I did start with internet search. But guides I found were lacking. I could not find how to pass values into the function and return from a function easily, or removing trailing slash from directory path or how to loop over array or how to catch errors that occured in previous command or how to seperate letter and number from a string, etc.
That is where chatGPT helped greatly. I would ask chatGPT to write these pieces of code whenever I encountered them, then test its code with various input to see if it works as expected. If not, I would ask it again with what case failed and it would revise the code before I put it in my scripts.
Thanks to chatGPT, someone who has 0 knowledge about bash can write bash easily and quickly that is fairly advanced. I dont think it would take this quick to write what I wrote if I had to do it the old fashioned way, I would eventually write it but it would take far too long. Thanks to chatGPT I can just write all this quickly and forget about it. If I want to learn Bash and am motivated, I would certainly take time to learn it in a nice way.
What do you think? What negative experience do you have with AI chatbots that made you hate them?
Many lazy programmers may just copy paste without thinking too much about the quality of generated code. The other group of person who oppose it are those who think it will kill the programmer job
There is an enormous difference between:
rm -rf / path/file
vs.
rm -rf /path/file
Many lazy programmers may just copy paste without thinking too much about the quality of generated code
Tbf, they’ve been doing that LONG before AI came along
Sure, but if you’re copying from stack overflow or reddit and ignore the dozens of comments telling you why the code you’re copying is wrong for your use case, that’s on you.
An LLM on the other hand will confidently tell you that its garbage is perfect and will do exactly what you asked for, and leave you to figure out why it doesn’t by yourself, without any context.
An inexperienced programmer who’s willing to learn won’t fall for the first case and will actually learn from the comments and alternative answers, but will be completely lost if the hallucinating LLM is all they’ve got.
I use it as a time-saving device. The hardest part is spotting when it’s not actually saving you time, but costing you time in back-and-forth over some little bug. I’m often better off fixing it myself when it gets stuck.
I find it’s just like having another developer to bounce ideas off. I don’t want it to produce 10k lines of code at a time, I want it to be digestible so I can tell if it’s correct.
I’ve found it to be extremely helpful in coding. Instead of trying to read huge documentation pages, I can just have a chatbot read it and tell me the answer. My coworker has been wanting to learn Powershell. Using a chatbot, his understanding of the language has greatly improved. A chatbot can not only give you the answer, but it can break down how it reached that conclusion. It can be a very useful learning tool.
It’s great for regurgitating pre written text. For generating new or usable code it’s largely useless. It doesn’t have an actual understanding of what it says. It can recombine information and elements its seen before. But not generate anything truly unique.
That isn’t what the comment you replied to was talking about so that’s why you’re getting downvoted even though some of what you said is right.

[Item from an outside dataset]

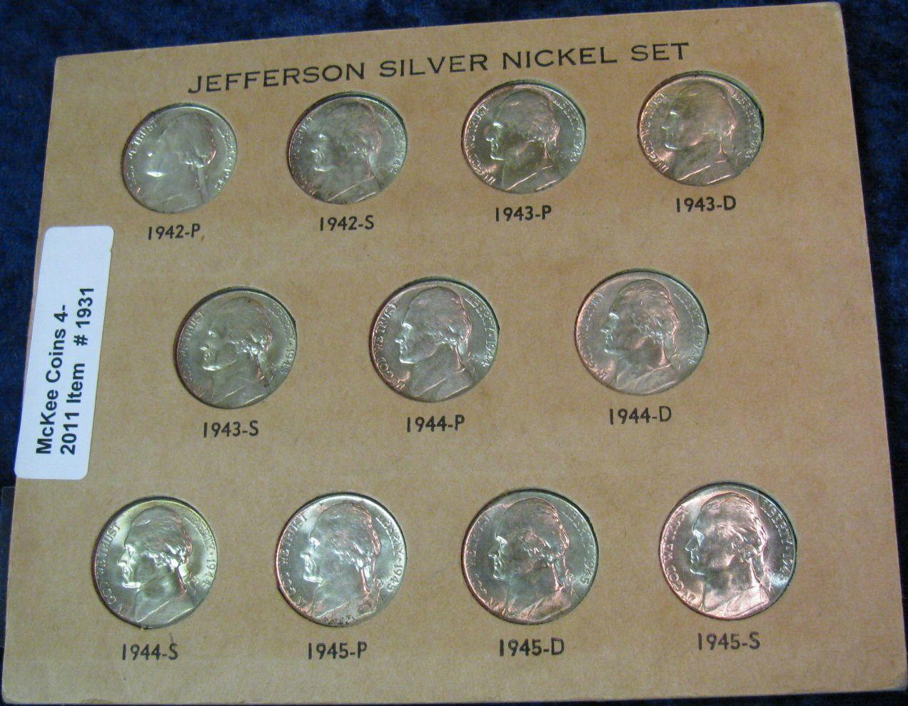 1931. 1942-45 World War II Nickel Set. Brilliant Unc. (11 pcs.).

The first sentence addressed what they talked about. It’s great as an assistant to cut through documentation to get at what you need. In fact, here’s a recent video from Perry Fractic doing just that with microtext for the C64.
Anything else like having it generate the code itself, it’s more of a liability than an asset. Since it doesn’t really understand what its doing.
Perhaps I should have separated the two thoughts initially? Either way I’ve said my piece.
Top level comment is talking about using it for learning. Saying that AI is just regurgitating text doesn’t address that fact at all. In fact it sounds like you were putting down the commentor for using it for learning.
The bulk of your comment was about how poorly it writes code which isn’t what that comment was talking about. At all. So yes, I agree, you should have separated your two thoughts and probably focused the second thought on a different thread within this post. Perhaps at the top level to say it to the OP.
I’ve been using it for CLI syntax and code for a while now. It’s not always right but it definitely helps in getting you almost all the way there when it doesn’t. I will continue to use it 😁
It’s really useful to quickly find the parameters to convert something in a specific way using ffmpeg.
Hell yeah it is. So much faster than reading the man pages and stuff
When was it wrong? I am curious like how much wrong it was and what AI assistent you asked.
Chatgpt all versions. I don’t know. I use it a lot and I just know it’s been wrong. Powershell comes to mind. And juniper srx syntax. And Alcatel.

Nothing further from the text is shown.